Johnson continued to sing the praises of television in front of the ballroom full of television reporters and critics — saying he preferred the “pace” of this newfound process vs. film. Each hour-long Poker Face episode took about three weeks (one for prep, two for shooting) to complete. Compare that with making one film over the course of “several years,” as he put it.
READ MORE: ‘Poker Face’: “Endless Possibilities” For Natasha Lyonne’s Human BS Detector To Keep Solving Crimes Past Season 1 (Deadline)

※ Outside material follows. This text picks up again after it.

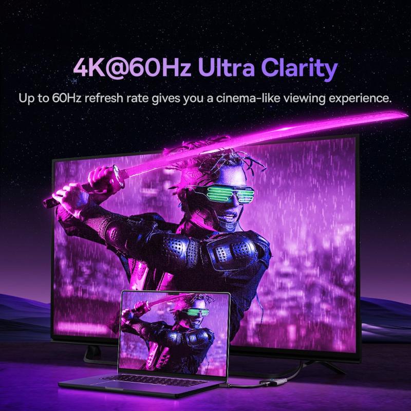 - 4K@60Hz Ultra HD Output: Delivers vivid, detailed visuals for gaming, streaming, and presentations.

“I loved that in each episode we’re in a different environment, it’s a whole new cast— it’s like making 10 mini movies,” Johnson told IndieWire’s Tony Maglio. “I literally dove into it like it was one of my movies. I really jumped completely into the deep end of the pool.”
READ MORE: Rian Johnson Now Thinks Making TV Is ‘Much More Fun’ Than Movies (IndieWire)
Johnson has previously directed for TV, notably on two episodes for Breaking Bad including the show finale “Ozymandias.” Episode two of Poker Face, which he directed, was shot in Albuquerque.
“I haven’t been back there since we shot ‘Ozymandias,’” he told Rolling Stone. “It was so much fun being back in town. A lot of the same Breaking Bad crew were on our crew, and it felt like a little homecoming.”
Johnson explained to Angela Watercutter at Wired that while Poker Face does have a throughline, any given episode is a standalone. That was “a hugely conscious choice,” he said, “something that I had no idea was gonna seem so radical to all the people we were pitching it to. The streaming serialized narrative has just become the gravity of a thousand suns to the point where everyone’s collective memory has been erased. That was not the mode of storytelling that kept people watching television for the vast history of TV. So it was not only a choice, it was a choice we really had to kind of fight for.”
READ MORE: Rian Johnson Knows Glass Onion’s Tech Bro Looks Very Familiar (Wired)
Johnson discussed director Robert Altman’s influence on the pilot episode of Poker Face in a Q&A with Joshua Encinias for MovieMaker Magazine:
“Altman’s Nashville was definitely a big reference point for me when I was approaching how to shoot the pilot. I will say each one of the episodes very much has its own personality. Colombo was set in Los Angeles, but he was diving into a different profession every single time, based on what the killer did. There’s an anthropological element to it, where you’re doing a little deep dive into a different world every time. That’s very much a part of the show going forward and we allow ourselves, tonally, to give ourselves over to that. There’s an episode, for instance, set in a regional dinner theater with Ellen Barkin and Tim Meadows that’s absolutely hilarious and very comedic in tone, almost like a Noises Off style. The one I did with Joseph Gordon-Levitt is set in this snowed-in motel within the Rockies and it’s almost more like a Coen Brothers horror movie. But yes, absolutely, in the pilot I was looking at a lot of Altman. Also in terms of the looseness of the style of shooting. It seemed like a fun route to go.”
Another Altman film also provided influence in Poker Face. “Janicza Bravo directed one of our episodes and I think she put a very subtle, intentional California Split reference in her episode,” Johnson said. “We talk about that movie a lot on set.”